Тетерин раскрыл Библию, помолился. Помолились и царь с царицею. Откашлявшись, стал читать:

– «…И отвечал Иов и сказал: о, если б верно взвешены были вопли мои и вместе с ними положили на весы страдание мое! Оно, верно бы, перетянуло песок морей! Оттого слова мои неистовы. Ибо стрелы вседержителя во мне; яд их пьет дух мой; ужасы Божии ополчилися против меня… О, когда бы сбылось желание мое, и чаяние мое исполнил Бог мой!..»

Царь поднялся с места, бледный, взволнованный.

– И боюсь я Иова и не могу оторваться, – задыхаясь от волнения, произнес Иван. – Читай!… Больно мне! А все ж читай.

Тетерин, стоя перед аналоем, рыдающим голосом продолжал – сначала читать по-латыни, а затем переводить прочитанное:

– «…Твердость ли камней – твердость моя? И медь ли плоть моя? Есть ли во мне помощь для меня? И есть ли для меня какая опора? Но братья мои неверны, как поток, как быстро текущие ручьи, которые черны ото льда и в которых скрывается снег…»

– Довольно! – стукнул ладонью по столу царь. – Раскрой Книгу Царств. Про Давида… Как отсек голову…

Голос Тетерина звучал с торжественной медлительностью, бодро, восторженно:

– «…И опустил Давид руку свою в сумку и взял оттуда камень и бросил из пращи и поразил филистимлянина Голиафа в лоб, так что камень вонзился в лоб его, и он упал лицом на землю…»

Царь выпрямился, глаза его оживились, на губах мелькнула улыбка.

– «…Так одолел Давид Голиафа пращою и камнем и поразил филистимлянина и убил его; меча же не было в руках Давида. Тогда Давид подбежал и, наступив на филистимлянина, взял меч его и, вынув из ножен, ударил его и… отсек ему голову его. Филистимляне, увидев, что Голиаф убит, испугались и побежали…»

Царь громко рассмеялся, Анастасия тоже – опять в угоду царю.
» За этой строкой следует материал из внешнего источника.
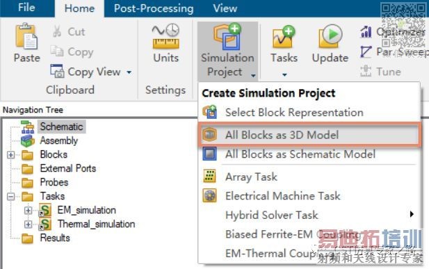 在CST的设计工作室中开始进行多物理场流程的创建。

– Кабы и нам было, – сказал Иван, – чтобы печатные книги, подобно грекам, Венеции и Фрагии[49] и прочим языцам излагать. Пускай люди наши читают единое. Писаные же книги – темны. Недоброхот может волею своею и бесчестием писать и во вред нам. Поп Семен напишет: «служите нелицеприятно», а дьякон Ефимка – «не слушайте царя!» и многое другое. А нам то ведать не можно. Велико наше государство, и нужны нам мужи, богатые разумом светлым. Вот и про Давида надобно, чтобы знали наши, как носитель правды осилил сильнейшего его носителя зла. Не след и нам бояться иноземных королей!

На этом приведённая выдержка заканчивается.